Given are the following bases of the vector space $V = \{p \in \mathbb{R}[t] \mid \operatorname{deg}(p) ≤ 3\}$ of all polynomials of degree less than or equal to $3$:
$\mathcal{A} = (t^3, t^2, t, 1)$
$\mathcal{B} = (1, t + 1, t^2 + t + 1, t^3 + t^2 + t + 1)$a) Display the polynomial $p(t)=3t^3+t^2-1$ in coordinate representation with respect to base $\mathcal{A}$ and $\mathcal{B}$.
b) Let $f:V\to V$ be the linear mapping that maps each polynomial from $V$ to its derivative. Determine $M^\mathcal{A}_\mathcal{A}(f)$ and $M_\mathcal{B}^\mathcal{A}(f)$.
a)
$\lambda_1 t^3+\lambda_2 t^2+\lambda_3 t^1+\lambda 4 t^0 = 3t^3+t^2-1t^0\implies \lambda_1=3,\; \lambda_2=1,\;\lambda_3=0,\;\lambda_4=-1$
coordinate representation:$\begin{pmatrix}3\\1\\0\\-1\end{pmatrix}$
$\lambda_1 +\lambda_2 (t+1)+\lambda_3 (t^2 + t + 1) +\lambda 4 (t^3 + t^2 + t + 1) = 3t^3+t^2-1t^0$$\implies \lambda_1=-2,\; \lambda_2=-1,\;\lambda_3=-2,\;\lambda_4=3$
coordinate representation:$\begin{pmatrix}-2\\-1\\-2\\3\end{pmatrix}$
b)
I really don't know how I can calculate $M^\mathcal{A}_\mathcal{A}(f)$ and $M^\mathcal{A}_\mathcal{B}(f)$, can you give me any hints, please?

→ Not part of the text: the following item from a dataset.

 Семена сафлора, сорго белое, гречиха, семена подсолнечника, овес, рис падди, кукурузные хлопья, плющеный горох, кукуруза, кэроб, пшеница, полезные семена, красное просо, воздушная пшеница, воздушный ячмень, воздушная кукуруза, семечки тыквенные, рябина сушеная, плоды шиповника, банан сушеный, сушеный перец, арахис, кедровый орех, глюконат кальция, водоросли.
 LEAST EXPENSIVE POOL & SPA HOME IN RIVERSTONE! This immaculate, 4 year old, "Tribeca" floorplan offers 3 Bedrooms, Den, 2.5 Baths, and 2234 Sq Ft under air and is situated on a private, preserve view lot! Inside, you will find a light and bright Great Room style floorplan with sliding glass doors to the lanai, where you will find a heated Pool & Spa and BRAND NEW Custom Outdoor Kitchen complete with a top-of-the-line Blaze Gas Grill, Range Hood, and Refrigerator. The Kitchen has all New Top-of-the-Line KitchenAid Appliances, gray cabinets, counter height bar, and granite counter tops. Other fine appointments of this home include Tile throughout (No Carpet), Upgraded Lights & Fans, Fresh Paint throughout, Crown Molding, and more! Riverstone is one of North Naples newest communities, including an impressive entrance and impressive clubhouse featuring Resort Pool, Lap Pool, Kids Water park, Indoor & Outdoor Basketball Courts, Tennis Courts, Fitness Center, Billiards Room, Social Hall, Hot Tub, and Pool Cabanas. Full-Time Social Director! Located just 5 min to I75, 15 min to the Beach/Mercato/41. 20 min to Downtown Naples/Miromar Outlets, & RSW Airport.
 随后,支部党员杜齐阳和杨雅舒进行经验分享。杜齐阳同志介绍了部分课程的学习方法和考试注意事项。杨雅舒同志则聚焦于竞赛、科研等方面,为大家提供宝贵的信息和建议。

Part (b): Abbreviate $M:=M_{\mathcal{A}}^{\mathcal{A}}(f)$ and using the convention to write $f(v)=M\hat{v}$, where $\hat{v}$ denotes the coordindate represntation of $v$ in terms of basis $\mathcal{A}$, you can determine $M$ by evaluation $f$ on the basis vectors in $\mathcal{A}$, i. e. $f(t^3)=3t^2$, thus the first column vector of $M$ is $(0,3,0,0)^t$, which is the coordinate representation of the image in terms of $\mathcal{A}$.
If you now want to compute $M_{\mathcal{B}}^{\mathcal{A}}(f)$ you do the same thing, starting with basis elements in $\mathcal{A}$ but then the columns of $M_{\mathcal{B}}^{\mathcal{A}}(f)$ are coordinate representations of the images in terms of basis $\mathcal{B}$. As an example: we have $f(t^3)=3t^2=-3(t+1)+3(t^2 +t+1)$, hence the first column vector of $M_{\mathcal{B}}^{\mathcal{A}}(f)$ is $(0,-3,3,0)^t$.